# Of the worship of Iluvatar.......



## redline2200 (Jan 15, 2003)

Does any one know why the men of Numenor are the only people in Arda that have ever worshipped Eru? I mean he is the most powerful being in the whole universe by far, why not worship him? Why does no one else ever even achknoldge the existence of Iluvatar?


----------



## Gothmog (Jan 15, 2003)

I have found this in Tolkien Letter 156


> Men have 'fallen' – any legends put in the form of supposed ancient history of this actual world of ours must accept that – but the peoples of the West, the good side are Re-formed. That is they are the descendants of Men that tried to repent and fled Westward from the domination of the Prime Dark Lord, and his false worship, and by contrast with the Elves renewed (and enlarged) their knowledge of the truth and the nature of the World. They thus escaped from 'religion' in a pagan sense, into a pure monotheist world, in which all things and beings and powers that might seem worshipful were not to be worshipped, not even the gods (the Valar), being only creatures of the One. And He was immensely remote.
> The High Elves were exiles from the Blessed Realm of the Gods (after their own particular Elvish fall) and they had no 'religion' (or religious practices, rather) for those had been in the hands of the gods, praising and adoring Eru 'the One', Ilúvatar the Father of All on the Mt. of Aman.

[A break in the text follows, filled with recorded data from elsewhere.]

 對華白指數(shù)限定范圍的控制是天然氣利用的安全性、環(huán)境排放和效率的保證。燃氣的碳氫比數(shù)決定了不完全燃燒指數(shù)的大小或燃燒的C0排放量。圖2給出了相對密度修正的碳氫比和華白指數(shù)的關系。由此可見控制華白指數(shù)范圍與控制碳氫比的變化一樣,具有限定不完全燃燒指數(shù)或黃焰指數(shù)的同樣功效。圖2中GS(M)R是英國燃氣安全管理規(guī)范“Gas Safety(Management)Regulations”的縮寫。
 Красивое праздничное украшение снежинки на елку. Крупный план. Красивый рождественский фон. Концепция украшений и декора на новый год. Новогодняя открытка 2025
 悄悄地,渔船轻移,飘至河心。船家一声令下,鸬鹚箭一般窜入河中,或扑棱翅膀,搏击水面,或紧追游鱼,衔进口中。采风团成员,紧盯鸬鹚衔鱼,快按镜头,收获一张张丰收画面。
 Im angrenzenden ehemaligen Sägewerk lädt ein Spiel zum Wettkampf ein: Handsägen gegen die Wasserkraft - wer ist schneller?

I hope that it is of some help


----------



## Thorondor_ (Sep 12, 2005)

I think that the following quote from the same letter makes things even clearer (emphasis added):


> The Numenoreans thus began a great new good, and as monotheists; but like the Jews (only more so) with only one physical centre of 'worship': the summit of the mountain Meneltarma 'Pillar of Heaven' - literally, for they did not conceive of the sky as a divine residence - in the centre of Numenor; _but it had no building and no temple, as all such things had evil associations_


Perhaps the last part of the quote implies that all relating to Eru was done individually/privately.
[In the Gospel of Thomas,] Jesus said, "If your leaders say to you, 'Look, the (Father's) kingdom is in the sky,' then the birds of the sky will precede you. If they say to you, 'It is in the sea,' then the fish will precede you. Rather, the kingdom is within you and it is outside you"


----------



## Ithrynluin (Sep 13, 2005)

redline2200 said:


> Does any one know why the men of Numenor are the only people in Arda that have ever worshipped Eru? I mean he is the most powerful being in the whole universe by far, why not worship him? Why does no one else ever even achknoldge the existence of Iluvatar?

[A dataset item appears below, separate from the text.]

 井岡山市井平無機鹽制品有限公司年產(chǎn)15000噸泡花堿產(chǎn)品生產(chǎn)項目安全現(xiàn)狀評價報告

We don't know that everyone else does not acknowledge his existence. Some people perhaps did not even know of the existence of such a being. Tribes of men perhaps passed down some faint knowledge of him through generations, though this may have been tainted by the lies of Melkor. The ancestors of the Numenoreans obtained their image of Eru from their allies, the elves of Beleriand, who in turn learned about Eru from the Valar. It is interesting to note how it was the Valar who went to find and guide the first elves that awoke by Cuivienen, but it was allegedly Eru himself that spoke to the first men.


----------



## Grond (Sep 14, 2005)

The Eldar had _Eru manifest_ before them in Manwe. Manwe was "the mind of Eru" on Arda and as such... the Eldar were able to commune with God on a daily basis (at least while they remained in Aman). 

It also seems to me that the Valar would likely not have accepted worship. They seemed to delight in the mere association with the Eldar. 

Cheers,

grond


----------